Work instruction
Each entry below must be repeated exactly. Leave the pictures out of it.

Exercise data
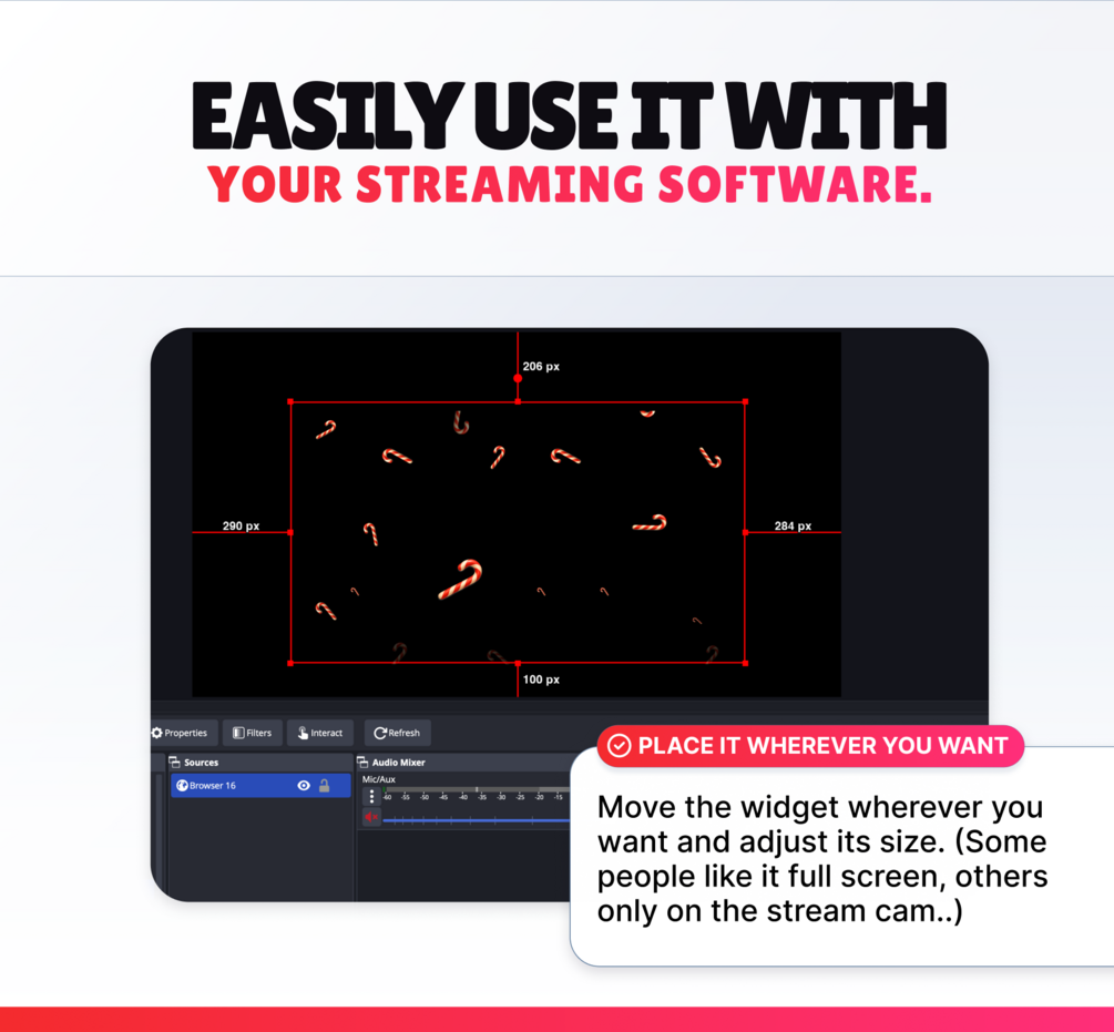 Your viewers can type the commands "!snow", "!candy", "!gingerbread", and "!christmas" to trigger animations directly on your live stream.
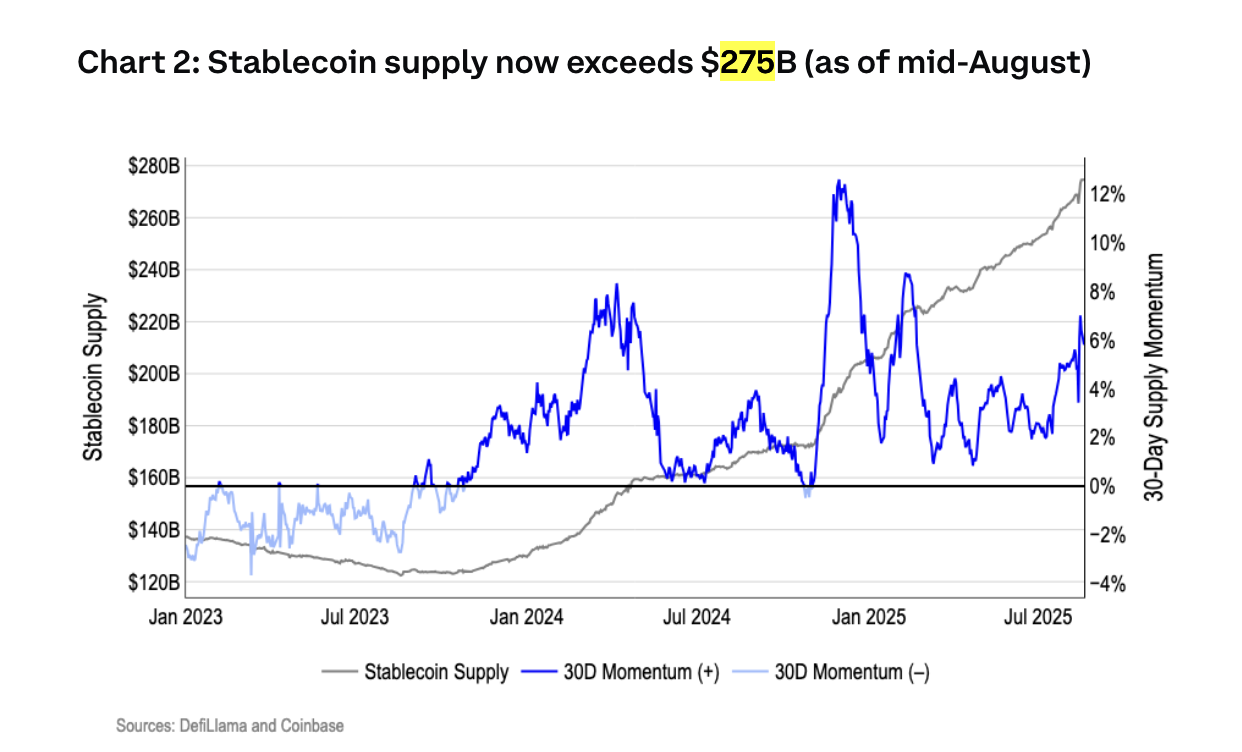 De stablecoin-sector beleeft in 2025 een explosieve groeifase, aangejaagd door sterke institutionele adoptie en meer regelgevende duidelijkheid wereldwijd. Volgens het augustusrapport van Coinbase is de totale marktkapitalisatie van stablecoins inmiddels gestegen tot ruim $275 miljard. Analisten verwachten dat de markt tegen 2028 zelfs kan doorgroeien naar $1 biljoen.
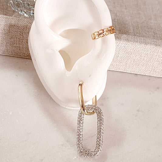 Aretes Eslabones Dorado y Plateado Zirconias, Chapa de Oro
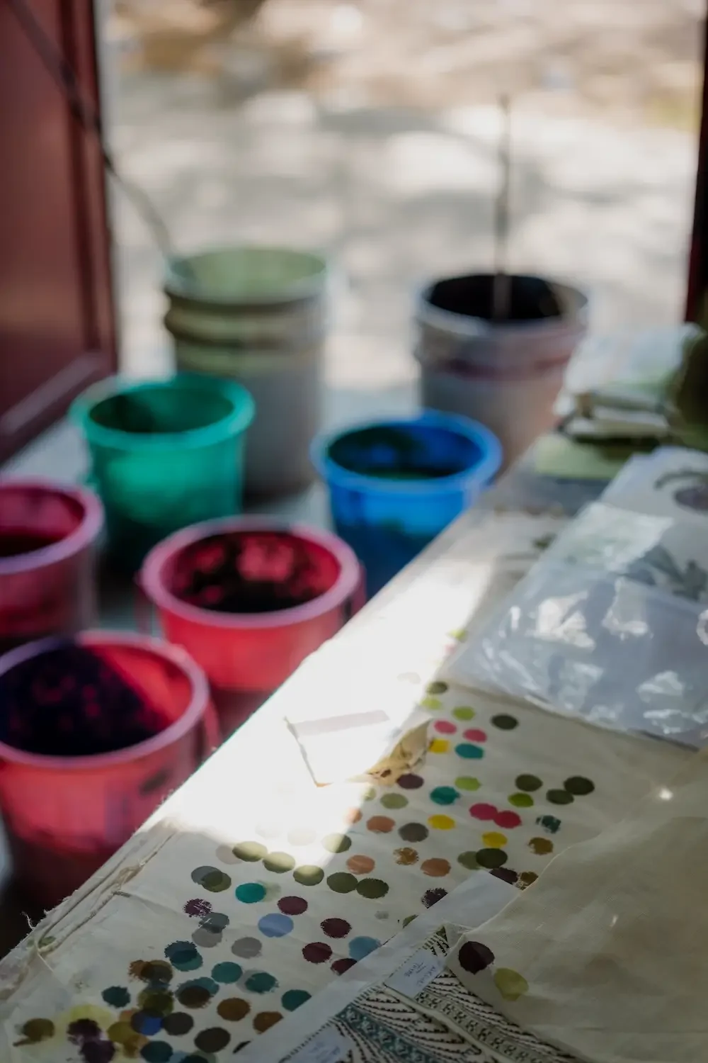 Our workshop uses minimum water and any used is recycled through the Common Effluent Treatment Plant which is part of the development. Water is used for making the colours and washing the colour buckets, blocks, and ink trays. Huge tanks are stored underground for rainwater harvesting during the Monsoon season. As previously mentioned, we use Archroma pigment inks and a binder which is made up of 80% water and 20% binder.
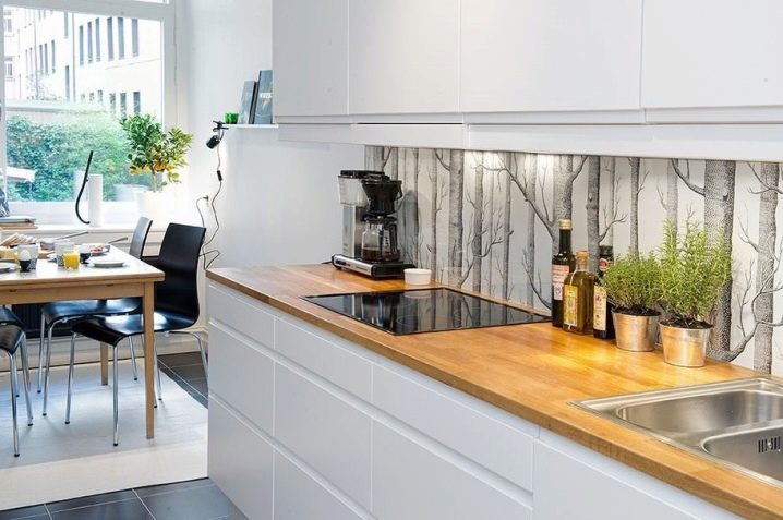 Die weiße Farbe von Naturholz ist das Streben nach Luxus. Erstens wird eine solche Schürze mit jedem Holzset in der Küche kombiniert.Zweitens wird er Ihren Wunsch nach einem ökologischen Lebensstil unterstützen. Die Registrierung eignet sich für rustikale, rustikale, provenzalische Gestaltung.
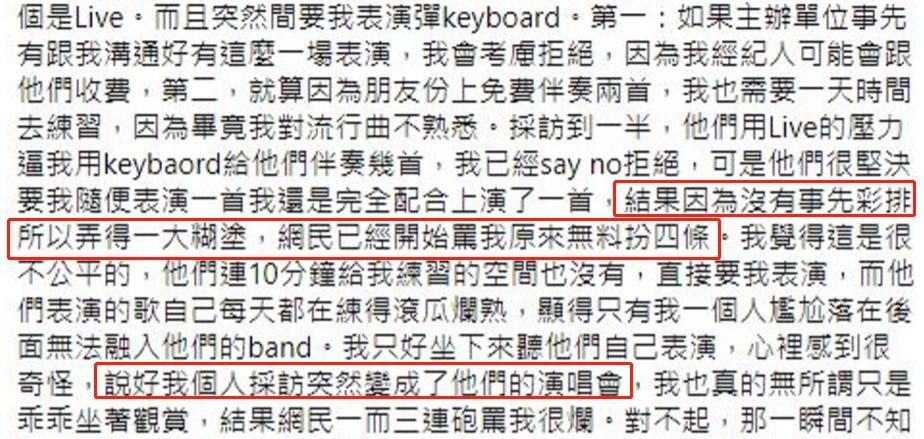 她说自己为失控和丑态百出道歉,她是有错,情商不够,应该忍气吞声一笑带过。然后她解释了自己不习惯用电子琴与乐队即兴表演,不要觉得厉害的音乐家就是什么概念的音乐都会,她相信所有表演背后都有充足的练习与准备。
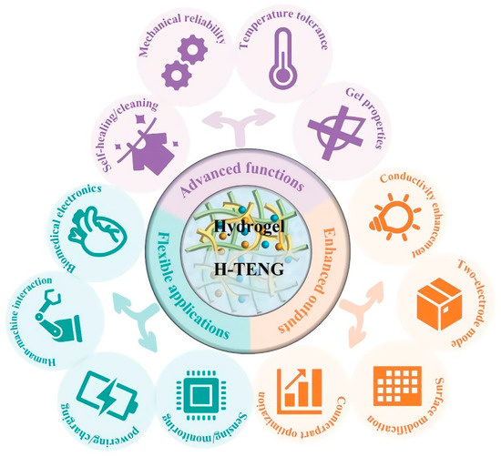 - Wu, Y.; Luo, Y.; Cuthbert, T.J.; Shokurov, A.V.; Chu, P.K.; Feng, S.P.; Menon, C. Hydrogels as Soft Ionic Conductors in Flexible and Wearable Triboelectric Nanogenerators. Adv. Sci. 2022, 9, 2106008. [Google Scholar] [CrossRef]
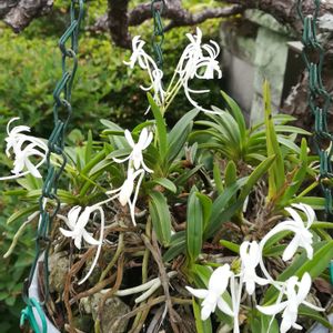 何年もほったらかしの風蘭に5本ほど花芽が出ていて今年も咲いてくれそう♪と楽しみにしていたのですが全てダメになってしまってました😭💦なぜたー😫 思いきって株分けしました(左下)

Task solution
 Your viewers can type the commands "!snow", "!candy", "!gingerbread", and "!christmas" to trigger animations directly on your live stream.
 De stablecoin-sector beleeft in 2025 een explosieve groeifase, aangejaagd door sterke institutionele adoptie en meer regelgevende duidelijkheid wereldwijd. Volgens het augustusrapport van Coinbase is de totale marktkapitalisatie van stablecoins inmiddels gestegen tot ruim $275 miljard. Analisten verwachten dat de markt tegen 2028 zelfs kan doorgroeien naar $1 biljoen.
 Aretes Eslabones Dorado y Plateado Zirconias, Chapa de Oro
 Our workshop uses minimum water and any used is recycled through the Common Effluent Treatment Plant which is part of the development. Water is used for making the colours and washing the colour buckets, blocks, and ink trays. Huge tanks are stored underground for rainwater harvesting during the Monsoon season. As previously mentioned, we use Archroma pigment inks and a binder which is made up of 80% water and 20% binder.
 Die weiße Farbe von Naturholz ist das Streben nach Luxus. Erstens wird eine solche Schürze mit jedem Holzset in der Küche kombiniert.Zweitens wird er Ihren Wunsch nach einem ökologischen Lebensstil unterstützen. Die Registrierung eignet sich für rustikale, rustikale, provenzalische Gestaltung.
 她说自己为失控和丑态百出道歉,她是有错,情商不够,应该忍气吞声一笑带过。然后她解释了自己不习惯用电子琴与乐队即兴表演,不要觉得厉害的音乐家就是什么概念的音乐都会,她相信所有表演背后都有充足的练习与准备。
 - Wu, Y.; Luo, Y.; Cuthbert, T.J.; Shokurov, A.V.; Chu, P.K.; Feng, S.P.; Menon, C. Hydrogels as Soft Ionic Conductors in Flexible and Wearable Triboelectric Nanogenerators. Adv. Sci. 2022, 9, 2106008. [Google Scholar] [CrossRef]
 何年もほったらかしの風蘭に5本ほど花芽が出ていて今年も咲いてくれそう♪と楽しみにしていたのですが全てダメになってしまってました😭💦なぜたー😫 思いきって株分けしました(左下)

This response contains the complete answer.